[GIVEN INFORMATION — start]

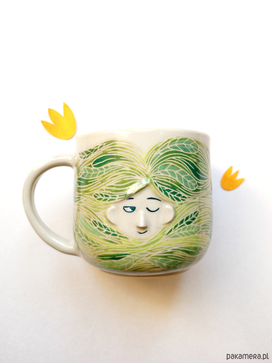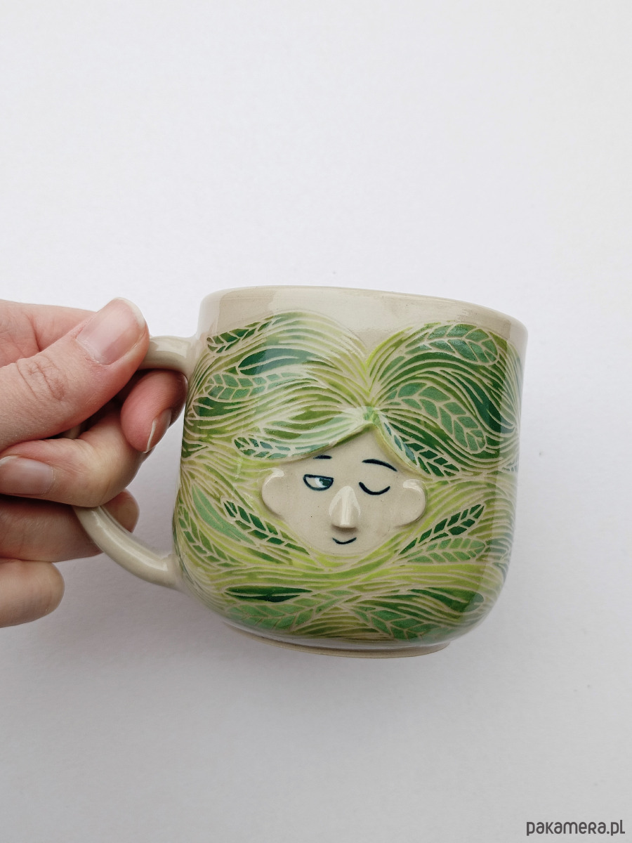 Kubek wykonany w technice sgraffito - wzór jest ręcznie wyryty na kubku, przez co jest niepowtarzalny!
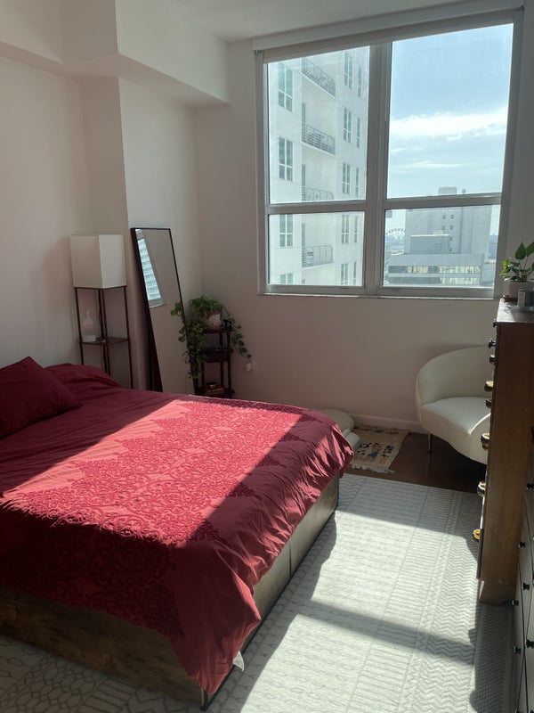 This is the master bedroom of a two bed/two bath condo downtown. It is a spacious corner loft unit that is very quiet and secluded while being in the heart of Downtown Miami. The condo is a 5 min walk from Whole Foods, close to Bayside Marketplace and the Flagler Street Mall.
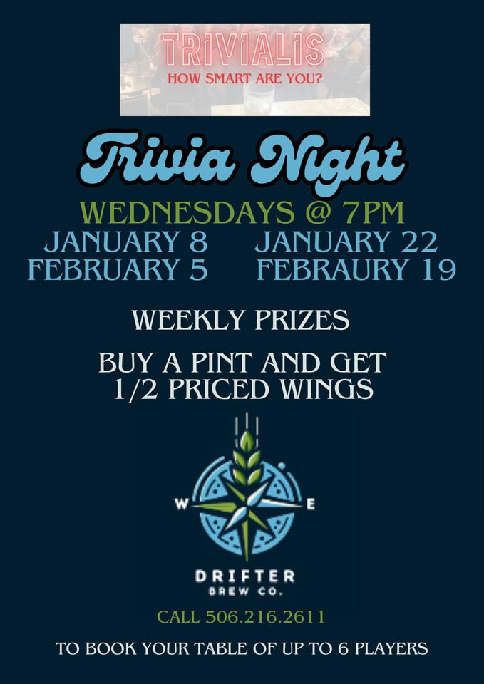 📍 Where? Drifter Brew Co. 📞 Call 506.216.2611 to book your table for up to 6 players now!
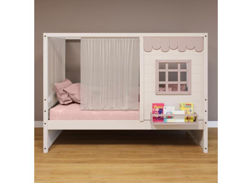 Cama Casinha Reta com Cortina Madeira Maciça Branco/ Rosa Housin

[GIVEN INFORMATION — finish]

**EXERCISE INSTRUCTIONS**
Copy, exactly and exclusively, the lines beginning with the one that contains "6 players now!" and ending with the last line of the listing; pictures are to be omitted.

**EXERCISE ANSWER**
 📍 Where? Drifter Brew Co. 📞 Call 506.216.2611 to book your table for up to 6 players now!
 Cama Casinha Reta com Cortina Madeira Maciça Branco/ Rosa Housin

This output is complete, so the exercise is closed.